THE TWELFTH DAY OF APRIL IN THE YEAR OF GRACE TWO THOUSAND AND FIFTEEN
Today we are accustomed to hearing the gospel presented as if it were addressed to one person at a time, assuring him or her of Gods provision for sin through Jesus death and resurrection, and urging that person to make a decision for Christ, to profess faith in him, to be baptized and begin to live as a disciple of Jesus Christ. The payoff or reward for this will be to escape the punishment that awaits the unredeemed, and to enjoy eternal life with God and with his people forever.
It is not that those details are incorrect or untrue, for taken one by one they all are found somewhere in the New Testament. However, when we read what Jesus said about himself and his mission, and when we read summaries of first-century gospel proclamation as reported in the Book of Acts, what we see is quite different in terms of the big picture, the emphases, and the particular details.

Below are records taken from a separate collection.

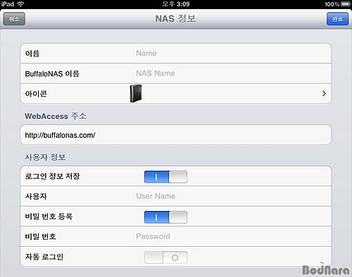 Apple ¾Û½ºÅä¾î¿¡¼ Buffalo¸¦ °Ë»öÇϸé WebAccess¿ë ¾ÛÀÌ iPAD¿ë°ú iPhone¿ëÀ¸·Î ³ª¿Â´Ù. iPAD¿ëÀº WebAccess HD¶ó´Â À̸§À¸·Î °íÇØ»óµµ¸¦ Áö¿øÇÏ´Â °ÍÀÌ Æ¯Â¡ÀÌ´Ù. ¹°·Ð ¹«·á·Î ¼³Ä¡°¡ °¡´ÉÇÏ¿© ¹öÆÈ·Î NAS À¯Àú¶ó¸é Ãß°¡ºñ¿ëÀÌ µéÁö ¾Ê´Â´Ù.
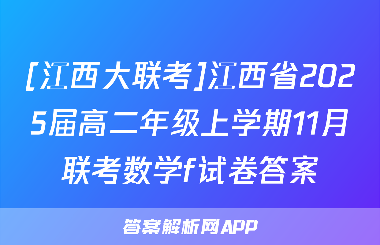 [江西大联考]江西省2025届高二年级上学期11月联考数学f试卷答案正在持续更新,目前2025-2026全国100所名校答案网为大家整理了相关试题及答案,供大家查缺补漏,高效提升成绩。
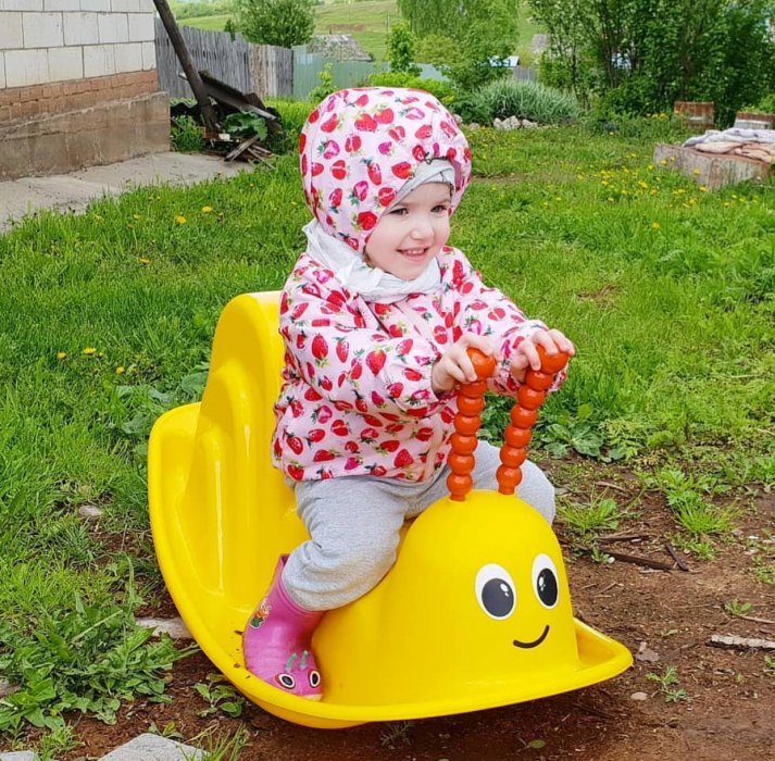 Качалка выполнена из качественного и безопасного пластика,который имеет защиту от выгорания на солнце и других климатических воздействий.
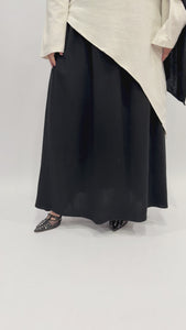 Linen Cotton Pleated Skirt | Black
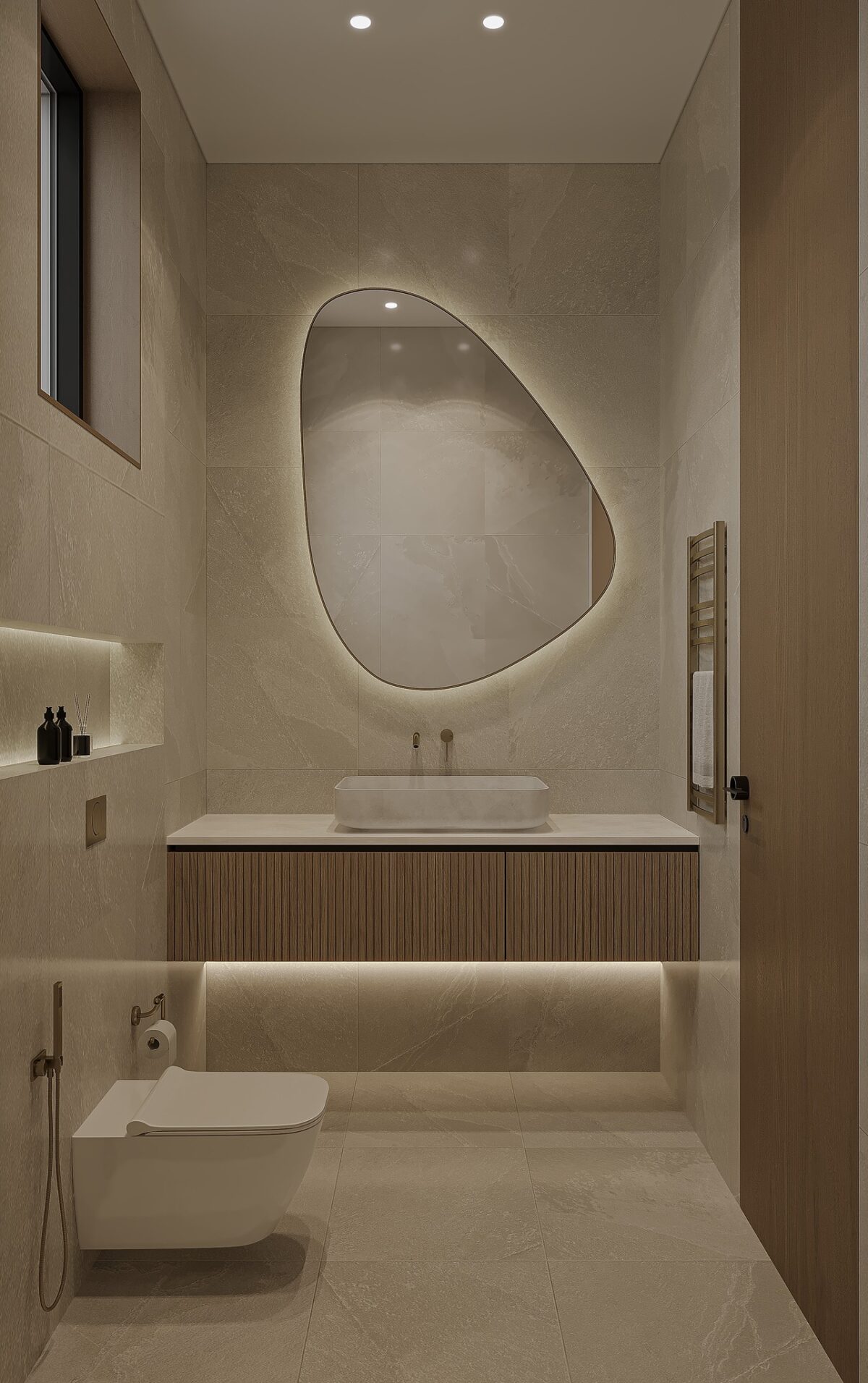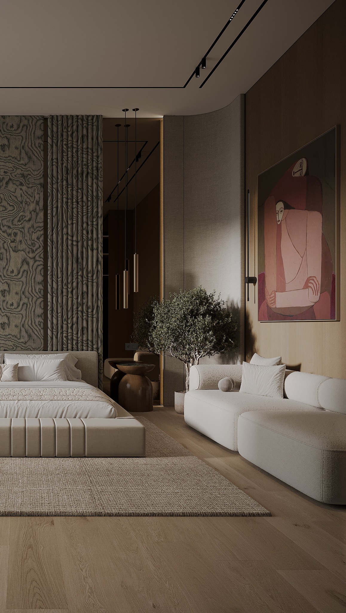 كمان كل تفصيلة في التصميم بيكون ليها هدف واضح، مفيش عنصر موجود لمجرد الشكل. التفكير دايمًا بيكون في سهولة الحركة وتنظيم المساحات علشان البيت يفضل مرتب ومريح مع الوقت.
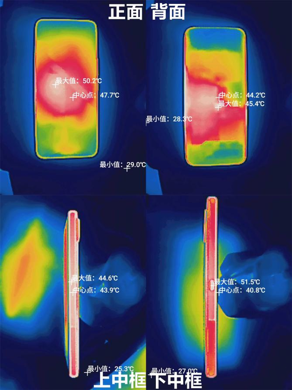 在發(fā)熱這塊也控制的比較好,正面、背面以及上下中框熱的地方不到43℃,而且主要集中在我們橫向握持手機(jī)玩游戲不太能碰到的地方,整體給人的感覺(jué)就是溫而不熱。
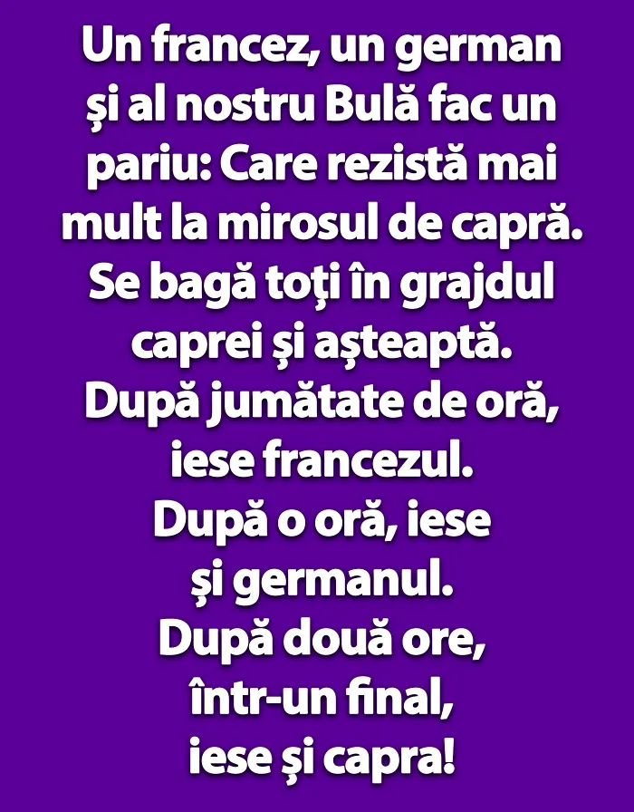 Un francez, un german și al nostru Bulă fac un pariu: Care rezistă mai mult la mirosul de capră. Se bagă toți în grajdul caprei și așteaptă.
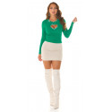 Vihreä strassiniittikoristeinen neule sydänkurkistusaukolla
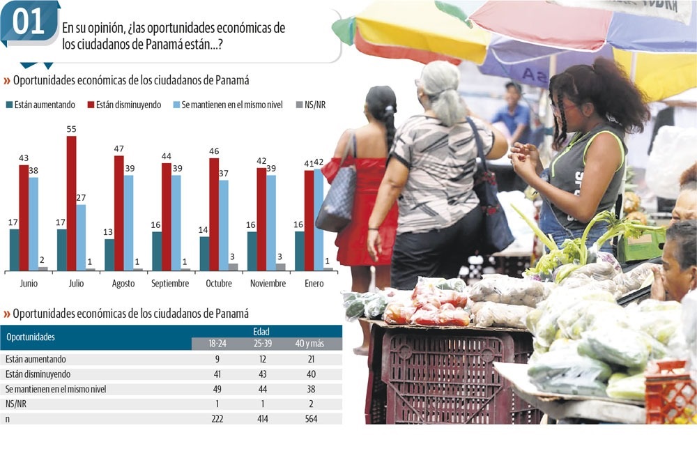 El 83 % de los consultados percibe que las oportunidades económicas de los ciudadanos en Panamá están disminuyendo, o se mantienen en el mismo nivel. Esta percepción se mantuvo en un nivel similar durante el último trimestre del año, luego de un repunte durante el mes de agosto del año pasado.
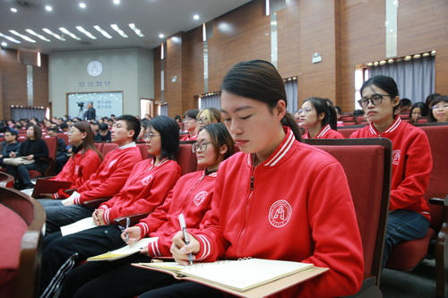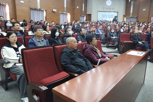 11月14日上午,学校举行“星空大讲堂”首场报告会暨校党委理论学习中心组(扩大)会。大连理工大学原党委书记、博士生导师王寒松教授以“‘三个意味着’——中国共产党对时代之问的应答”为题作专题报告。校党委书记张亚主持报告会。校领导葛宝臻、蒋宗文、王立云、吴海东、齐恩平、黄凤羽,党委常委于俊如、骆媛出席。各二级党组织理论学习中心组成员、全体处级领导干部、全体思政课教师、离退休老同志代表、马克思主义学院研究生、学校“青马”班学员代表共300余人参加报告会。
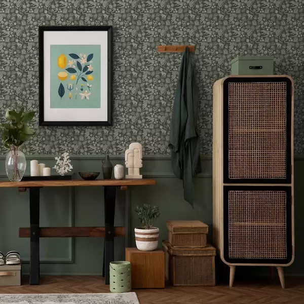 Wallpaper Siluete de animale sălbatice printre frunze tropicale a00404
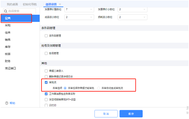 1.系统管理-选项设置-公共,勾选其他中的审批流。
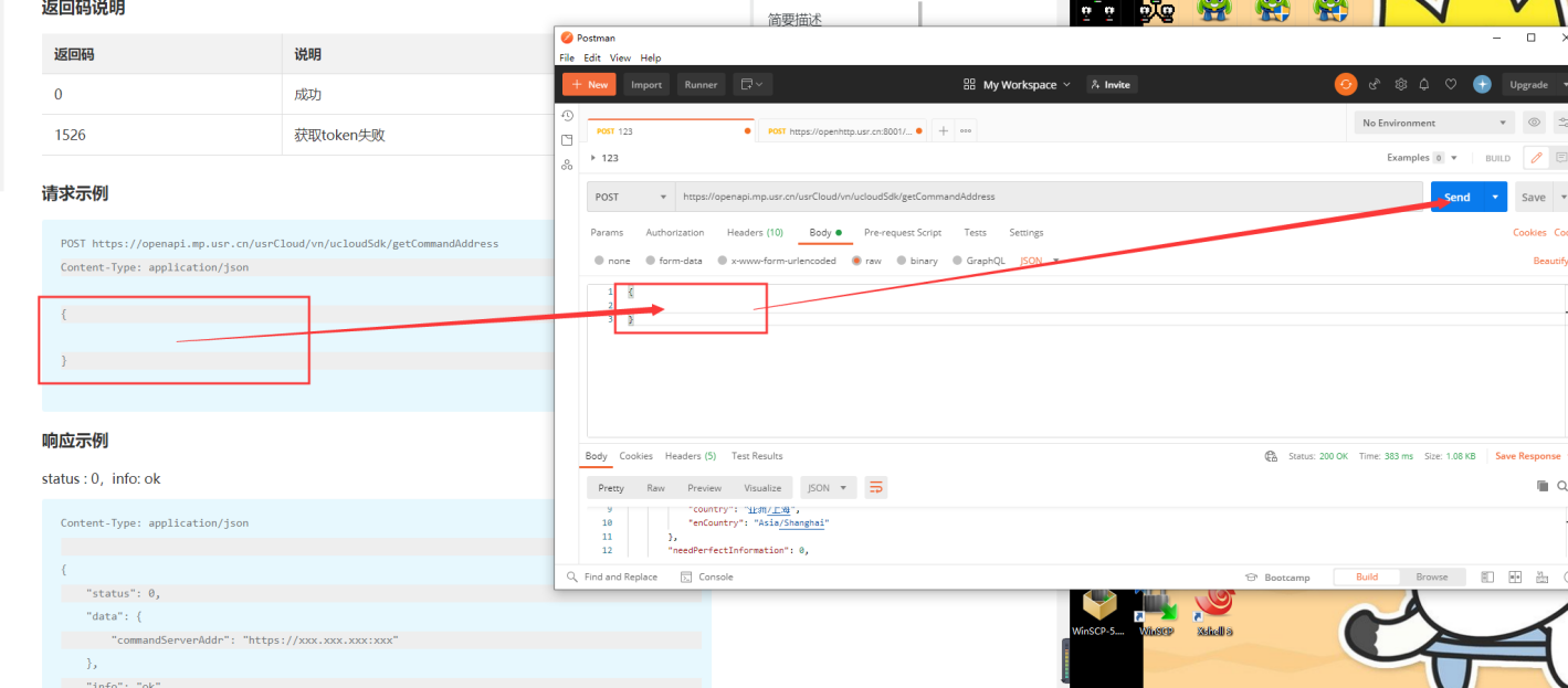 6、將請求示例復(fù)制到body的raw中,之后點擊Send,會生成一個鏈接,這個鏈接是命令下發(fā)地址
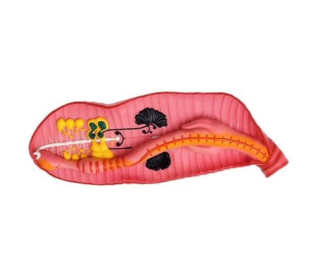 หุ่นจำลองโครงสร้างภายในไส้เดือนแสดงระบบย่อยอาหาร, ระบบเลือด, ระบบประสาท และระบบสืบพันธุ์ของไส้เดือน ขนาด 56x20x6 ซม.

To be specific, if we compare evangelism as done by the disciples and their associates, with evangelism as commonly done today, we discover that apostolic evangelism differs from much of todays variety in at least four ways:
It sounds more like telling a story and less like giving instructions;
It emphasizes what Jesus did and suffered, instead of what we do;
It shows God acting in Christ to redeem the world, instead of working many individual acts of individual salvation;
It speaks in a context of End-times and of the transition from the Present age to the Age to come.